Data Parallelism#
MLX enables efficient data parallel distributed training through its distributed communication primitives.
Training Example#
In this section we will adapt an MLX training loop to support data parallel distributed training. Namely, we will average the gradients across a set of hosts before applying them to the model.
Our training loop looks like the following code snippet if we omit the model, dataset, and optimizer initialization.
model = Struct.new(:parameters).new({"w" => mx.array([0.0])})
optimizer = Struct.new(:calls) do
def update(model, grads)
model.parameters["w"] = model.parameters["w"] - grads["w"] * 0.1
end
end.new(0)
dataset = [[MLX::Core.array([1.0]), MLX::Core.array([1.0])]]
loss_grad_fn = ->(model, x, y) do
pred = model.parameters["w"] * x
loss = mx.mean((pred - y).square)
grads = {"w" => mx.mean((pred - y) * x * 2.0)}
[loss, grads]
end
step = ->(model, x, y) do
loss, grads = loss_grad_fn.call(model, x, y)
optimizer.update(model, grads)
loss
end
dataset.each do |x, y|
loss = step.call(model, x, y)
mx.eval(loss, model.parameters)
end
All we have to do to average the gradients across machines is perform an
all_sum() and divide by the size of the Group. Namely we
have to MLX::Utils.tree_map() the gradients with following function.
def all_avg(x)
world = mx.init
mx.all_sum(x, world) / world.size
end
Putting everything together our training loop step looks as follows with everything else remaining the same.

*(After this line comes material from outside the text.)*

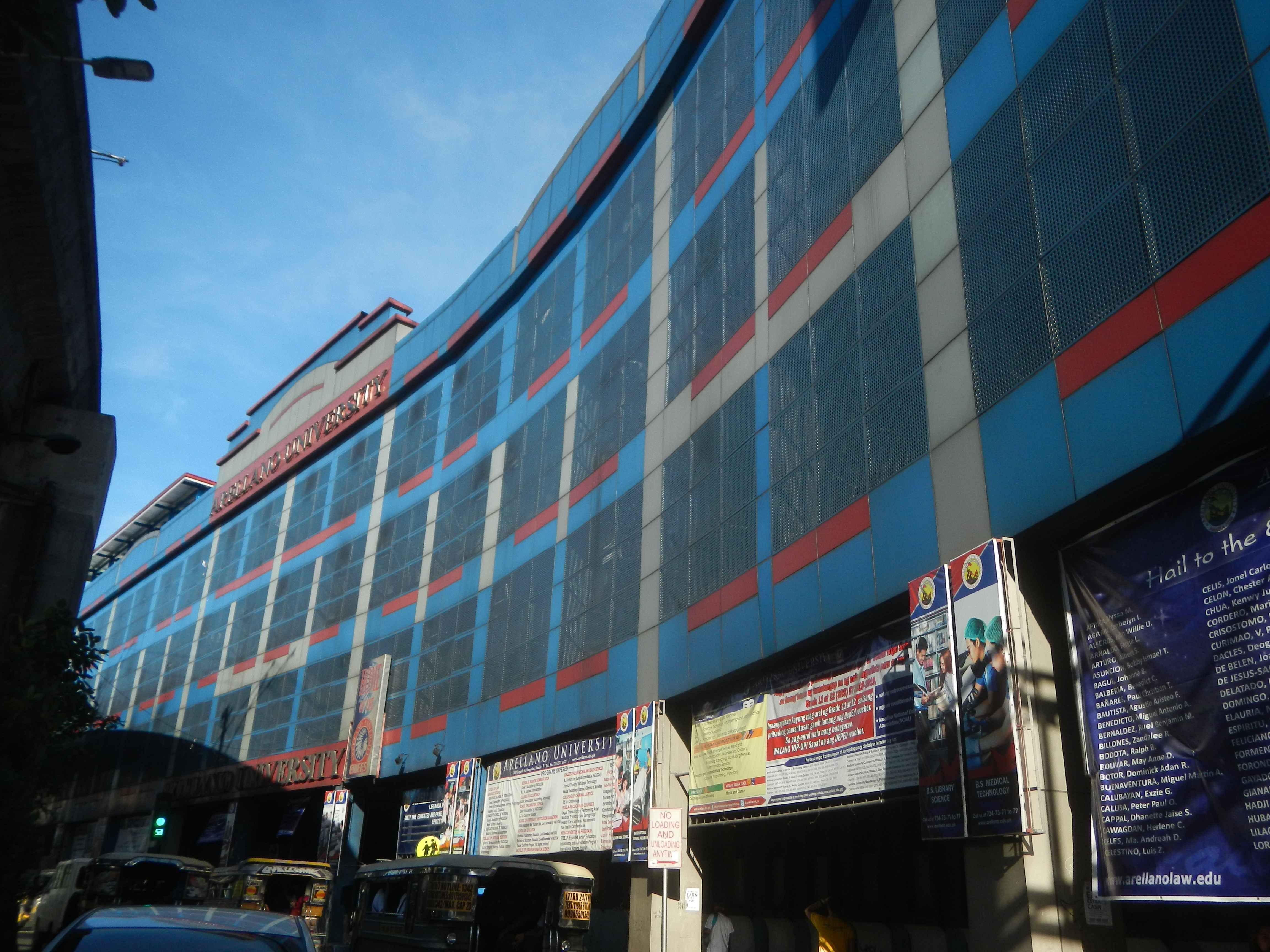 J. P. Laurel Bridges I, II & III - Estero de Sampaloc, Estero de San Miguel and Estero Uli-Uli (Jose P. Laurel Street, San Miguel, Manila) Santa Catalina College Legarda Street List of universities and colleges in the Philippines Arellano University (Legarda Street, Sampaloc, Manila) Arellano University International Business College - AMA Education System (Legarda Street, Sampaloc, Manila) Barangays 401, 402 & 403, Zone 41, 404,405, 406, 407, 409, 410, 411, 412, 413, 416, Zone 42, District IV, Sampaloc, Manila Sampaloc, Manila Jose Laurel Street (Note: Judge Florentino Floro, the owner, to repeat, Donor Florentino Floro of all these photos hereby donate gratuitously, freely and unconditionally all these photos to and for Wikimedia Commons, exclusively, for public use of the public domain, and again without any condition whatsoever).

def all_reduce_grads(grads)
world = mx.init
world_size = world.size
return grads if world_size == 1
MLX::Utils.tree_map(
->(x) { mx.all_sum(x, world) / world_size },
grads
)
end
step = ->(model, x, y) do
loss, grads = loss_grad_fn.call(model, x, y)
grads = all_reduce_grads(grads) # <--- This line was added
optimizer.update(model, grads)
loss
end
Using nn.average_gradients#
Although the code example above works correctly; it performs one communication per gradient. It is significantly more efficient to aggregate several gradients together and perform fewer communication steps.
This is the purpose of mlx.nn.average_gradients(). The final code looks
almost identical to the example above:
model = Struct.new(:parameters).new({"w" => mx.array([0.0])})
optimizer = Struct.new(:calls) do
def update(model, grads)
model.parameters["w"] = model.parameters["w"] - grads["w"] * 0.1
end
end.new(0)
dataset = [[MLX::Core.array([1.0]), MLX::Core.array([1.0])]]
loss_grad_fn = ->(model, x, y) do
pred = model.parameters["w"] * x
loss = mx.mean((pred - y).square)
grads = {"w" => mx.mean((pred - y) * x * 2.0)}
[loss, grads]
end
step = ->(model, x, y) do
world = mx.init
loss, grads = loss_grad_fn.call(model, x, y)
grads = MLX::NN.average_gradients(grads, world) # <---- This line was added
optimizer.update(model, grads)
loss
end
dataset.each do |x, y|
loss = step.call(model, x, y)
mx.eval(loss, model.parameters)
end